Member of the Indiana Senate
- In office 1940–1960

Personal details
- Born: November 16, 1886 Phoebus, Virginia, U.S.
- Died: March 24, 1974 (aged 87)
- Resting place: Crown Hill Cemetery and Arboretum, Indianapolis, Indiana. U.S. Section 98, Lot 1134 39°48′50″N 86°10′18″W﻿ / ﻿39.813843°N 86.1715798°W
- Party: Republican
- Children: Nerissa Brokenburr Stickney, Alice Brokenburr Ray

= Robert Brokenburr =

Indiana politician (1886–1974)

Robert Lee Brokenburr (November 16, 1886 – March 24, 1974) was an American attorney, civil rights leader, and state legislator in Indiana. After several election campaigns, Brokenburr ran as a Republican for an Indiana Senate seat in 1940 and became the first African-American elected to the body where he served for 20 years. Prior to running for office, Brokenburr worked as counsel and general manager for the Madame C.J. Walker Manufacturing Company while carrying on his own practice litigating civil rights cases.

== Early life and education ==
Robert Lee Brokenburr was born on November 16, 1886, in Phoebus, Virginia. His father, Benjamin Brokenburr, was emancipated from slavery as a child.

He graduated from Hampton Normal and Agricultural Institute in 1906, and received a law degree from Howard University in 1909. He was admitted to the Indiana State Bar in 1910.

== Career ==

=== Law career ===
In 1910, Brokenburr moved to Indianapolis where he shared an office with Freeman B. Ransom. While in practice, he won several early civil rights victories. In Galliard v. Grant, he challenged an Indianapolis ordinance which divided the city into zones segregated by race. The ordinance was declared unconstitutional by the Circuit Court of Marion County in 1926. In Baily vs. Washington Theatre Company, he represented a woman who was refused service at a theater based on her race. Although the court initially ruled against Ms. Baily, the decision was overturned on appeal.
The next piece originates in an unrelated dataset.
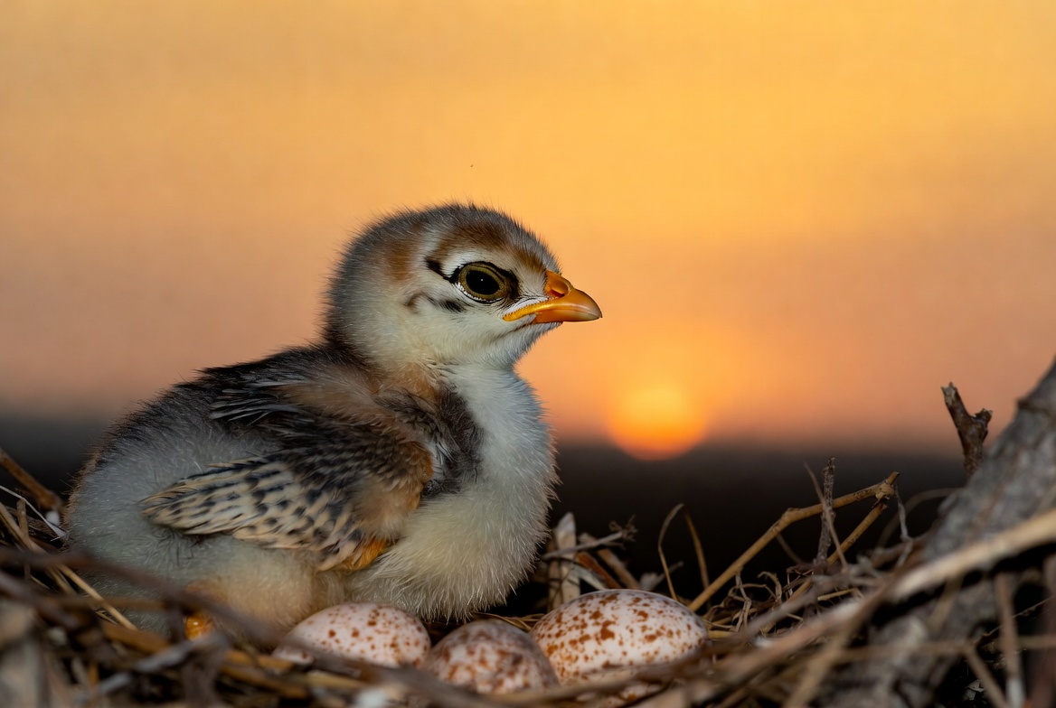 A chick sits in its nest with eggs, as the sun sets in the background, creating a warm light around the scene during the evening.

Brokenburr also served as deputy prosecuting attorney for Marion County from 1919 to 1931. He retired from practice in 1971.

=== The Madame C.J. Walker Manufacturing Company ===
In addition to his private practice, he helped Madame C.J. Walker form the Madame C.J. Walker Manufacturing Company, writing the articles of incorporation and serving as general manager and counsel for the company. The company, which sold cosmetic and haircare products for black women, went on to be one of the most successful African-American owned businesses in the United States.

=== NAACP presidency ===
Brokenburr became president of the Indianapolis chapter of the NAACP in 1914.

=== Political career ===
Brokenburr unsuccessfully ran for office in the Indiana House of Representatives three times between 1912 and 1934. In 1940, he ran as a Republican candidate for the Indiana Senate and became the first African-American elected to the Indiana State Senate. He served four additional terms in 1944, 1952, 1956, and 1960. As state senator, he wrote the act establishing the Indiana Civil Rights Commission.

In 1955, President Eisenhower appointed Brokenburr as an alternate delegate to the United Nations.

== Personal life ==
Brokenburr married Alice Glover, who also attended Hampton Normal, in 1911 in Indianapolis. They had two children, Nerissa Brokenburr Stickney and Alice Brokenburr Ray; both daughters were pianists trained at Oberlin Conservatory of Music.

After Alice died in 1945, Brokenburr married his second wife, Nettie. who died in 1969.